16. Distributed training: DDP vs FSDP vs ZeRO vs Tensor Parallelism vs Pipeline Parallelism.
- DDP: each GPU has full model copy; gradients all-reduced after backward. Simple; bound by per-GPU memory.
- ZeRO (DeepSpeed) / FSDP (PyTorch): shard optimizer states (ZeRO-1), gradients (ZeRO-2), and parameters (ZeRO-3 / FSDP) across data-parallel ranks. Communicate to gather params just-in-time during forward/backward.
- Tensor Parallelism (Megatron): shard a single weight matrix across GPUs (column- or row-parallel). Each GPU holds a slice. Requires fast interconnect (NVLink); typically TP ≤ 8 (within-node).
- Pipeline Parallelism: split model layers across GPUs into stages; mini-batch flows through. Memory savings linear in stages; needs micro-batching to hide bubbles.
Composition for 70B: TP=4 within node, PP=4 across nodes, DP=N replicas with FSDP sharding optimizer state.
17. MoE: routing, load balancing, capacity factor.
Mixture-of-Experts: each layer has E expert FFNs. A router picks top-K (usually 2) experts per token. Only those experts compute → sparse activation, large total params, fast inference per token.
- Router: a linear layer producing E logits → top-K selection (often softmax + argmax).
- Load balancing: without intervention, the router collapses to a few experts ("expert dropout"). Auxiliary loss penalizes imbalance (e.g., entropy-style or load-coefficient term).
- Capacity factor: each expert handles at most
(tokens / E) × Ctokens; overflow tokens are dropped or skipped. C=1.25 typical.

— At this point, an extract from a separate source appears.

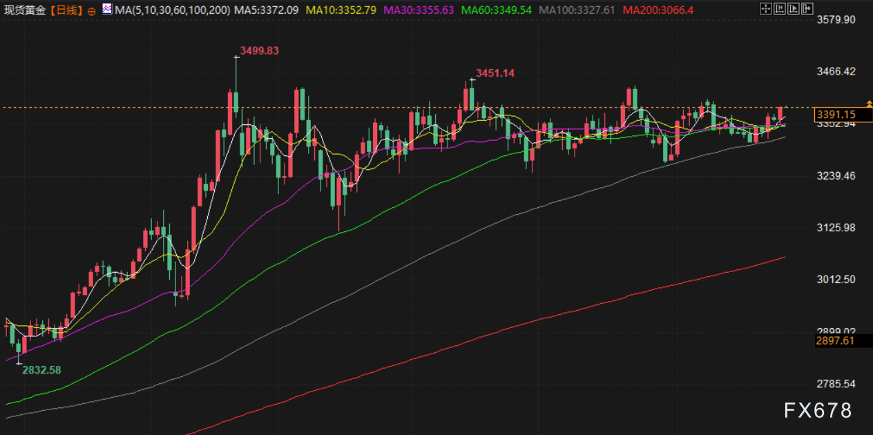 现货金周二上涨 0.83%,最高至3393.47美元/盎司,这是8月11日以来的最高水平。12月交割的美国期金上涨 0.5%,结算价报 3433 美元。受到避险需求提振,美国总统特朗普解雇美联储理事后,投资者对联储的信心有所动摇。
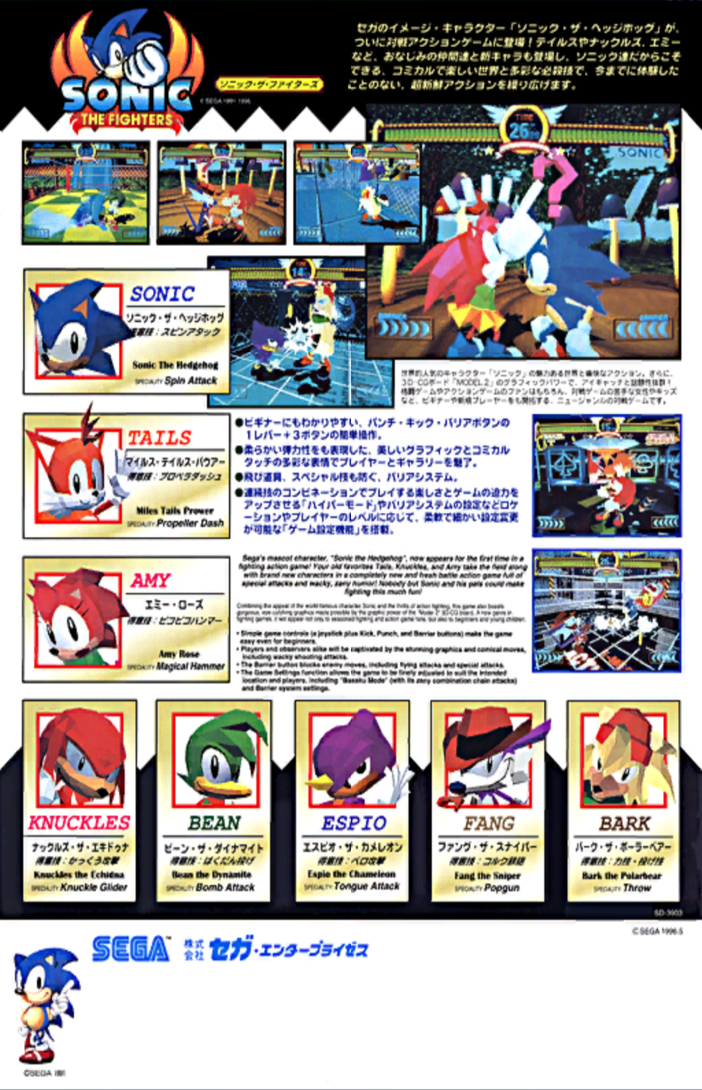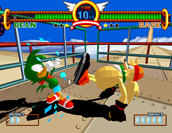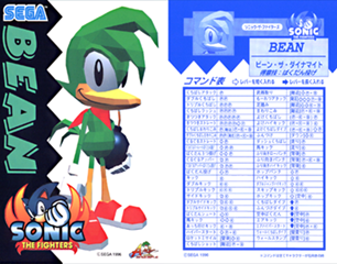 ![]() From: Sonic the Fighters (1996) Full Name: Bean the Dynamite Speciality: Bomb Attack Home Stage: Dynamite Plant Dynamite Düx, he sure takes after him with his penchant for explosives.

Mixtral 8x7B: 47B total params, 13B active per token. Better quality-per-active-FLOP than dense.
18. Eval contamination: detect, prevent.
Risk: benchmark questions appear in the training corpus → inflated scores.
Detection:
- N-gram overlap: search training data for 13-gram (or longer) substrings of eval questions. The Llama / GPT-3 papers do this.

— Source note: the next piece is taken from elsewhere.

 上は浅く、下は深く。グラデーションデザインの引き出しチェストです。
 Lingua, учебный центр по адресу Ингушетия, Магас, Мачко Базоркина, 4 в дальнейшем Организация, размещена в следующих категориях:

- Embedding-similarity scan for near-duplicates.
- Loss-based: trained models tend to have suspiciously low perplexity on memorized test items vs. fresh paraphrases.

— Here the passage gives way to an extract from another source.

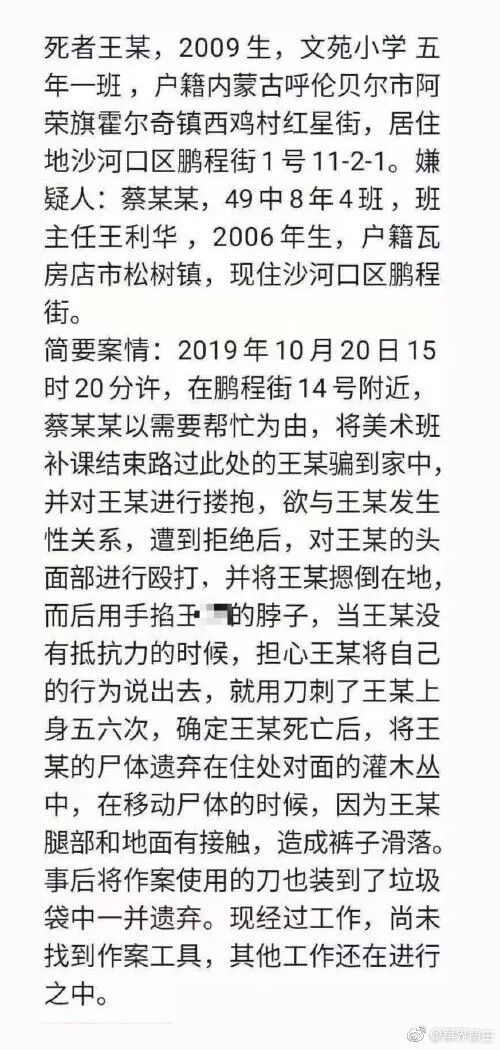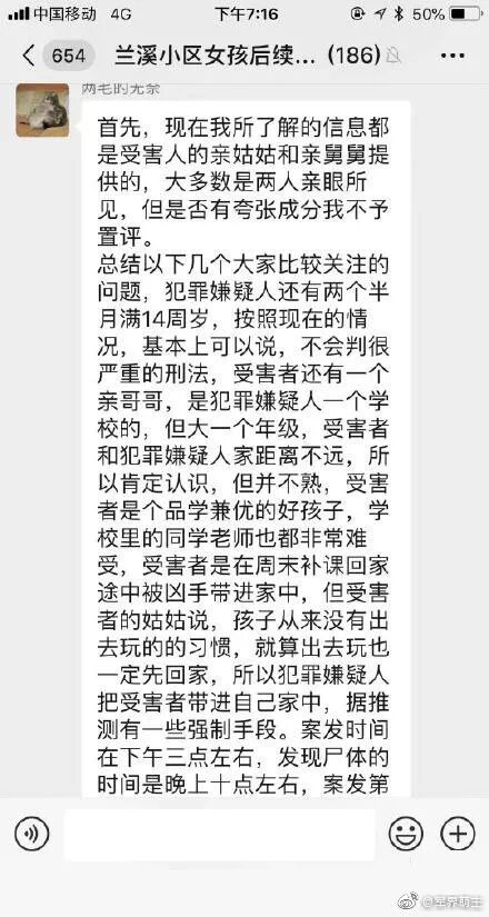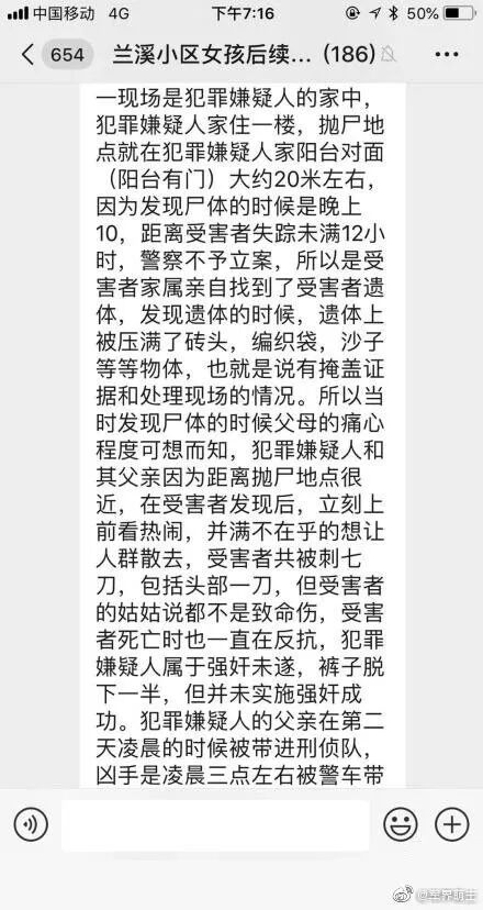 以下是来自微博的截图。截图爆料了很多内容!惨案发生在周末,“凶手”以自己需要帮助为由,将女孩约到家中,企图强奸,女孩反抗,在不反抗之后,“凶手”担心女孩把事情说出去,将女孩杀害,弃尸灌木丛!

Prevention: filter training corpus against eval suites before training; use held-out / private eval sets; run paraphrased / fresh-test variants periodically; track "dynamic" benchmarks (e.g., LiveBench).
19. Hallucinations: causes and reduction.
Causes: (1) training-data noise/contradictions; (2) over-confident sampling at decode (low-prob tokens still get picked); (3) context insufficient to answer; (4) RLHF reward-hacks toward confident-sounding but wrong; (5) compression failure: model can't recall low-frequency facts.
Mitigations:
- Retrieval grounding (RAG): condition on retrieved evidence; force citations.
- Self-consistency: sample N answers, take majority — surfaces uncertainty.
- Chain-of-verification: model generates, then critiques itself.
- Calibration training: teach models to say "I don't know" via DPO with refusal preferences.
- Decoding constraints: structured outputs / JSON mode; constrained-decoding for facts.
- Eval: faithfulness metrics (RAGAS), TruthfulQA, FActScore.
20. Prompt injection — defenses.
Threat: untrusted text in the model's context (a tool result, a web page, an email) contains instructions that hijack the model.
Defenses (layered, no silver bullet):
- Privilege separation: untrusted data goes in clearly-marked sections; the system prompt instructs the model to never follow instructions inside them.
- Tool sandboxing: tools authorize on the user's identity, not the model's claims. Don't let the model exfiltrate via
image: <unsafe-url>or fetch arbitrary URLs. - Output filtering: scan model output for suspicious patterns (URLs to data exfil, prompt-leak markers).
- Input filtering: classifier on incoming docs for obvious "ignore previous instructions" payloads (defeats only naive attacks).
- Human-in-the-loop for destructive actions (file deletion, money movement, sending email).
- Defense-in-depth assumption: assume the model will be jailbroken at some rate; design the surrounding system so a jailbreak can't cause unbounded damage.
Simon Willison's framing: "If you can't tolerate the worst-case behavior of an LLM with full data access, don't give an LLM full data access."